AFP Fact Check has revealed an extensive campaign of fabricated posts spreading across Arabic-language social media platforms. These posts falsely alleged arrests of Israeli officers in Europe and misrepresented unrelated international videos as if they depicted scenes inside Israel, with the aim of fueling anti-Israel propaganda.
One widely circulated post asserted that Dutch authorities had arrested an Israeli armored corps officer accused of war crimes in Gaza. The post was accompanied by a dramatic image of a man in handcuffs surrounded by security officers.
In reality, the man pictured was not Israeli at all but an Irish gang member who had been arrested in Spain in 2022 on charges of money laundering. AFP traced the image to multiple European news outlets from that year, showing that it had been lifted from its original context and repurposed to falsely implicate Israel.
A second claim spread rapidly online, alleging that a senior Israeli officer was detained in Britain on accusations related to Gaza. Again, the claim collapsed under scrutiny. The so-called “evidence” turned out to be an AFP photo from 2015 showing a German police officer who had been tried for murder in a notorious cannibalism case. Despite the shocking nature of the original crime, the image was stripped of its background and circulated with captions suggesting that it showed the arrest of an Israeli official. AFP confirmed that there were no credible reports of Israeli officers being arrested in the UK.
A third falsehood took the form of a video said to show a psychiatric hospital in Tel Aviv bursting with patients in the wake of the October 7 Hamas attack. The video was shared widely, often with captions suggesting that Israeli society was collapsing under mass psychological breakdown. AFP’s investigation revealed a different reality: the footage had been filmed in Mexico, at Hospital General No. 1 in Aguascalientes, a government-run hospital where local journalists had documented chronic overcrowding weeks before the video appeared in Arabic-language posts. AFP reporters on the ground in Mexico verified the hospital setting, confirming the falsity of the Tel Aviv claim.
These cases of fake news are part of a broader pattern of misinformation campaigns aimed at spreading disinformation about Israel. Last month, another viral case centered on five-year-old Osama al-Rakab. Posts claimed that Israel was starving him, using his photograph as supposed evidence. In reality, al-Rakab suffers from a severe genetic illness unrelated to the war. According to the Coordinator of Government Activities in the Territories (COGAT), Israel coordinated his transfer from Gaza with his family, and he is now receiving treatment in Italy. COGAT emphasized that while tragic images can stir emotion, their misuse for propaganda distorts the truth.
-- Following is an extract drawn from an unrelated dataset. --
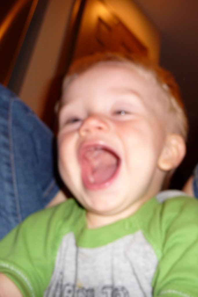 Meanwhile, JT has recovered from his TWO sinus infections and his fifth tooth has broken through… so he is feeling much better. I didn’t notice how quiet he had gotten during all that, but now he is a goofy chatterbox again. For example, here he has tackled me to the ground in the kitchen. Fuzzy, but funny.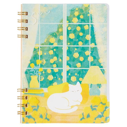 【1000円以上お買い上げで送料無料♪】ノート SUU スー 窓辺の猫 A6 5mm方眼 Wリング クリアカバー付 ねこ ネコ ニャンコ 花 かわいい 日本製 マルアイ - メール便発送

This theme of misrepresentation was further highlighted in mainstream media. The New York Times, in a July 2025 report, featured the story of 18-month-old Mohammed Zakaria al-Mutawaq, describing him as suffering from malnutrition. Days later, the newspaper issued a clarification, acknowledging that the child’s medical records showed pre-existing health conditions. The correction came after criticism, including from former Prime Minister Naftali Bennett, who accused the newspaper of fueling a “blood libel” by omitting critical context. The Times admitted it updated its story to add detail on his condition after being informed by the treating hospital.
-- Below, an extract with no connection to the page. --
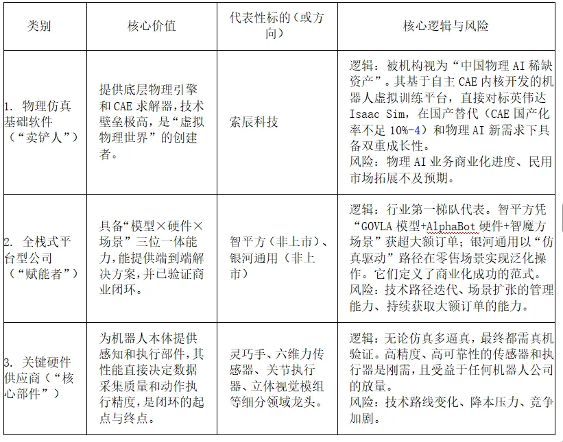 基于以上分析,2026年的投资上半年聚焦确定性,布局“基座”与“供应链”如:国产替代与物理AI基座。关注以索辰科技为代表的国产CAE及仿真软件厂商,其传统业务受益于工业软件国产化,新业务则站在物理AI需求爆发的起点,具备估值弹性。核心硬件供应链。随着特斯拉Optimus V3等产品步入量产前夜,聚焦已经进入主流机器人公司供应链、技术壁垒高的灵巧手、力矩传感器、谐波减速器、空心杯电机等环节的龙头公司。这是产业放量初期最确定的受益环节。下半年则追踪验证期,甄别“真龙头”。密切关注头部平台型公司(如智平方、银河通用等)的订单落地情况、客户复购率以及标杆场景的规模化复制进展。投资逻辑从“主题预期”向“基本面验证”切换。能够持续公布大额、可持续订单的企业,将证明其商业化能力,有望享受估值溢价。全年关注场景突破与政策催化,紧密跟踪仓储物流、汽车制造等核心场景的落地新闻和行业案例。关注国家及地方对“具身智能”作为未来产业的相关配套政策和支持措施,这将是板块情绪的重要催化剂。

This pattern was already visible at the start of the war. Less than a week after Hamas invaded Israel, NBC News uncovered a propaganda network of 67 accounts on the X social platform that are coordinating a campaign of posting false, inflammatory content related to the Israel-Hamas war.
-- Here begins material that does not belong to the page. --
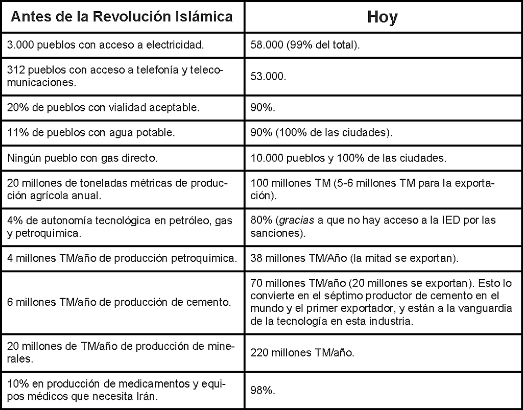Luego el embajador pasó a exponer algunas cifras comparativas de lo que era Irán antes de la Revolución Islámica y lo que es hoy día Irán, que presentaré en forma tabular para mejor visualización.

One widely shared photo showed a man in his undergarments, claimed to be Israeli General Nimrod Aloni, captured by Hamas. Within hours, the IDF released photos of Aloni attending briefings, disproving the rumor. Another fabricated video depicted children in chicken coops, which was claimed to show Israeli hostages, but was found to have been uploaded online days before the war even began. Other false videos included recycled clips from video games and footage of Azerbaijani police presented as if it were Israeli officers.
Taken together, these examples show how fabricated content can quickly gain traction once stripped of context and repackaged for social media audiences. The posts garnered tens of thousands of shares, likes, and comments, amplifying falsehoods that portrayed Israel as both criminally liable abroad and socially unstable at home. These reports demonstrate that these pieces of content are not isolated errors but part of a broader wave of misleading information targeting Israel in the Arabic-speaking online sphere.